Imagine being a single mother with a young child. You're a great programmer. But you spend 90% of your time outside work raising your kid, so you can't make the time to make significant contributions to OSS.

...

You can't get a job that requires a Github OSS history. You're severely disadvantaged in job hunting when OSS contributions are a major metric.

If people tested your suitability for a job by pair programming with you, or looking at code samples, you'd look just as good as someone who contributes to OSS. But because OSS is an important metric, you're disadvantaged.

Does this make clear how it's discriminatory?

discuss

order

theorique|12 years ago

It's pretty clear that requiring a Github history is discriminatory. I wonder, though:

(1) Are there any companies which literally remove a person's resume from the running if his/her fit seems to be good in other ways, just because they do not have a public facing github repo? Or is this just something that people are talking about but not actually implementing.

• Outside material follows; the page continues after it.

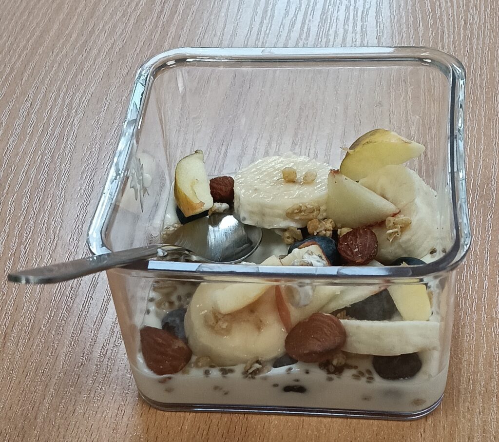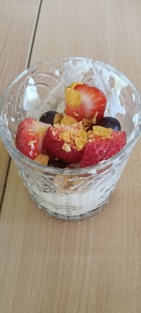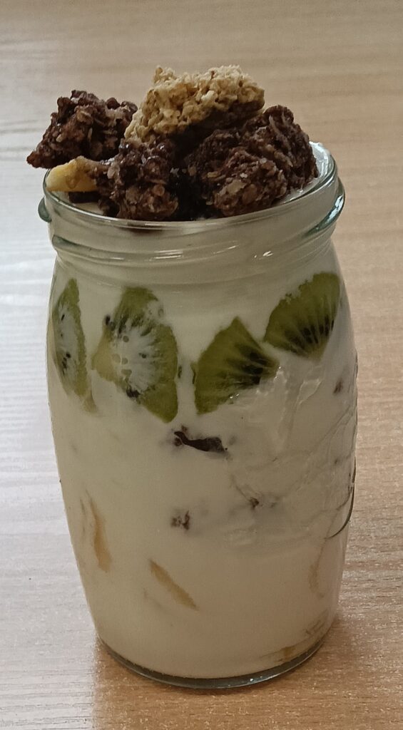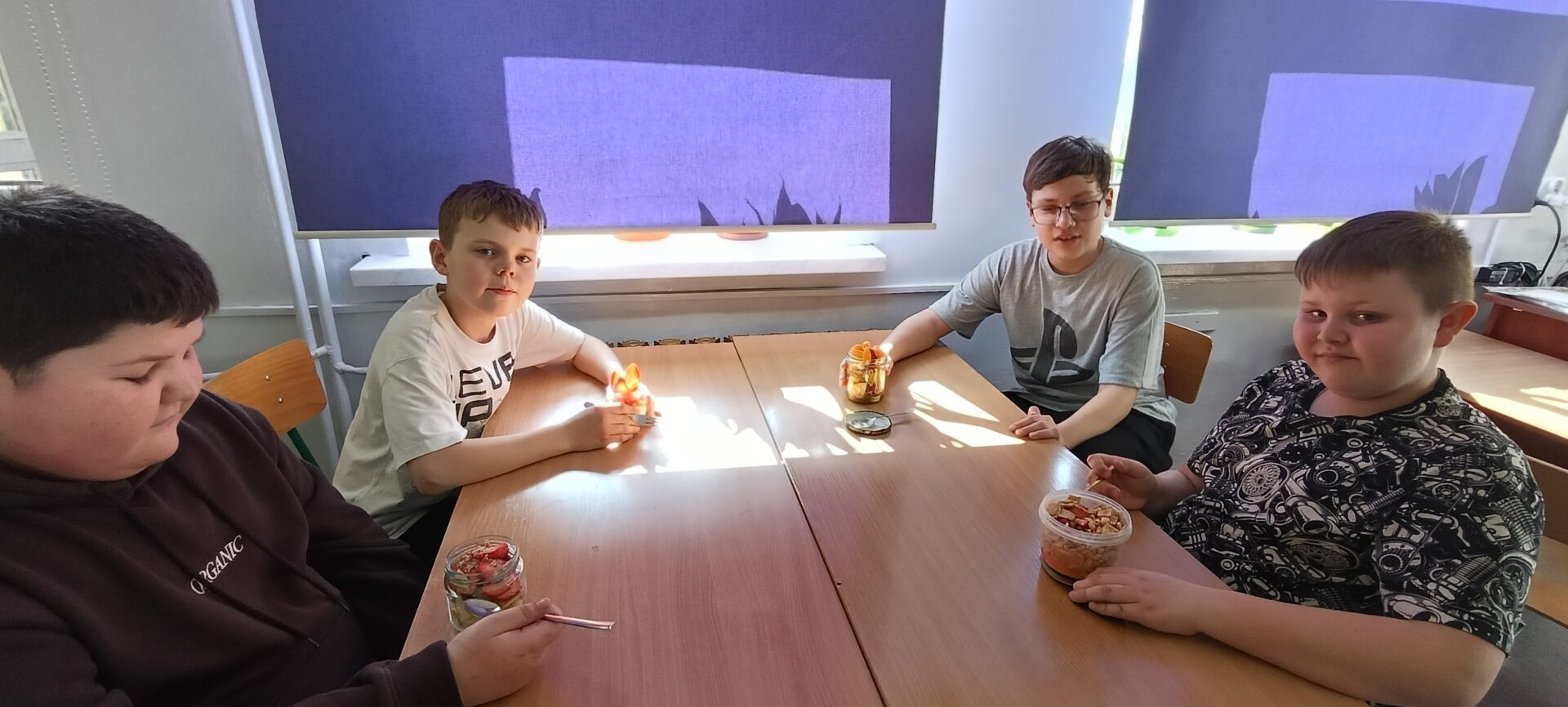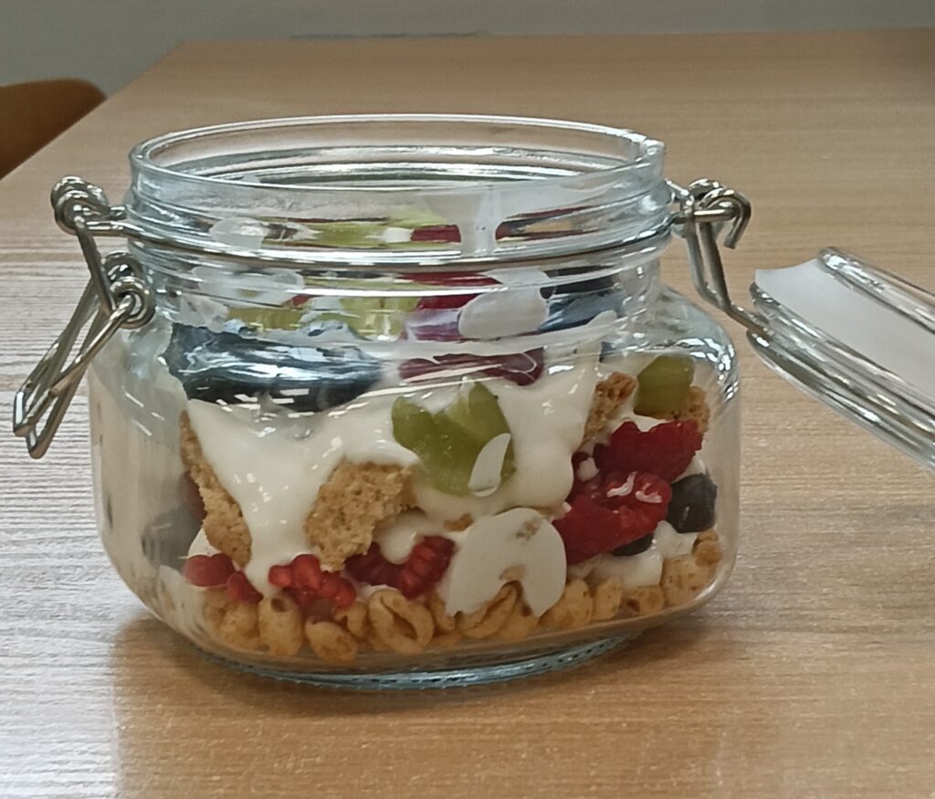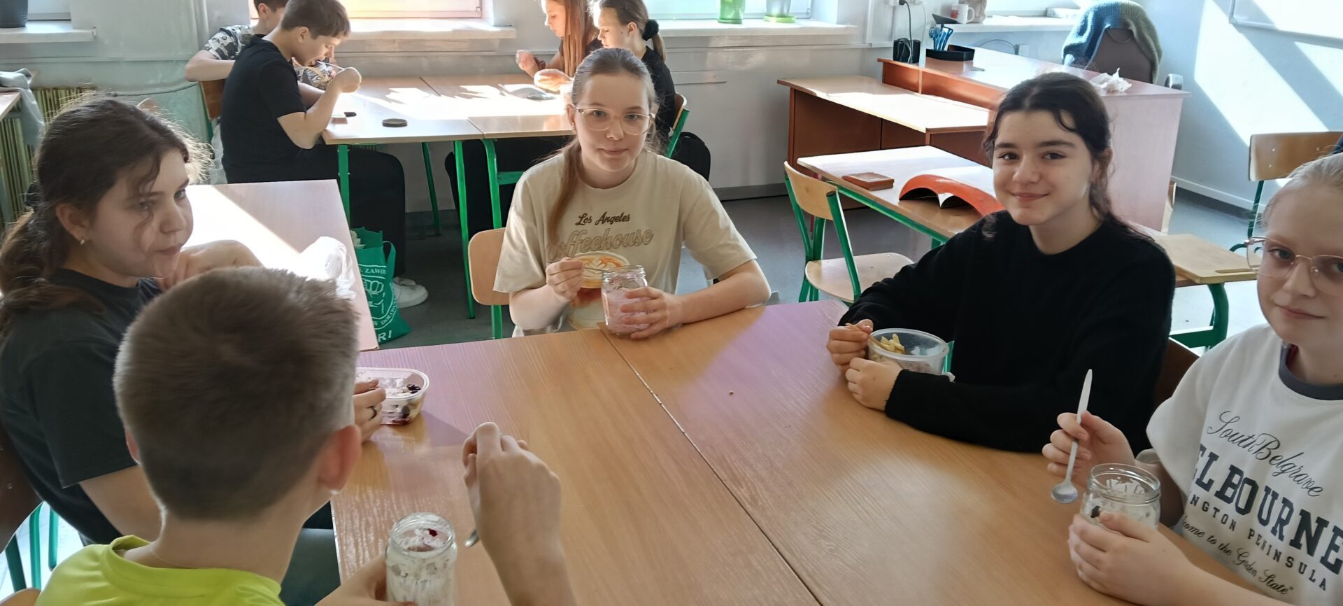 W ramach programu „Trzymaj formę” uczniowie z klas 4-6 zamieniali się w mistrzów zdrowych smaków – przygotowywali sałatki lub desery owocowe. Zajęcia miały zachęcać do konsumpcji zdrowych przekąsek na „podwieczorek”😊, podczas pobytu w szkole lub w trakcie oglądania filmów (jako alternatywa dla podjadania słodyczy, popcornu i chipsów). Większość stwierdziła, że było bardzo smacznie, kolorowo, częściej będą sięgali po takie zdrowe smakołyki i samodzielnie przygotują podobne w domach.

(2) In what sense is any job requirement not discriminatory? Requiring 5 years of Ruby experience discriminates against those with only 6 months of Ruby experience. Requiring a Masters degree discriminates against those with a Bachelors or no degree. Making the candidate do a programming test discriminates against people who don't perform well on tests. The question is whether the programmers that a company hires based on a Github criterion are measurably "better" than those hired using different criteria. As far as I know, no such comparison has been done.

tstrimple|12 years ago

I could absolutely see myself using this as a screening mechanism. When I was hiring developers, I would get literally hundreds of resumes sent to me. Filtering through resumes is a waste of time. You cannot tell from that piece of paper (PDF, Word Doc, etc) how technically capable a person is, or if they would be a good fit for the team.

I do not have time to interview hundreds of people, so we have to apply some filtering. Are we going to potentially filter out a good candidate because they didn't take the time to make themselves stand out? Maybe, but I'm okay with that.

tstrimple|12 years ago

What makes her a great programmer? Some natural ability? Surely during the time she has developed all of these skills she has developed something that is worth showing off? If she is such a great programmer, how is she maintaining her skills if all she is doing is working on what her employer puts in front of her?

If that single mother literally has no time outside of her 40 hour work week to be learning new things and staying current with technology, she will have a hard time finding new jobs regardless of the screening methods used.

This is also one contrived example. Not an entire "social class" of the programming population.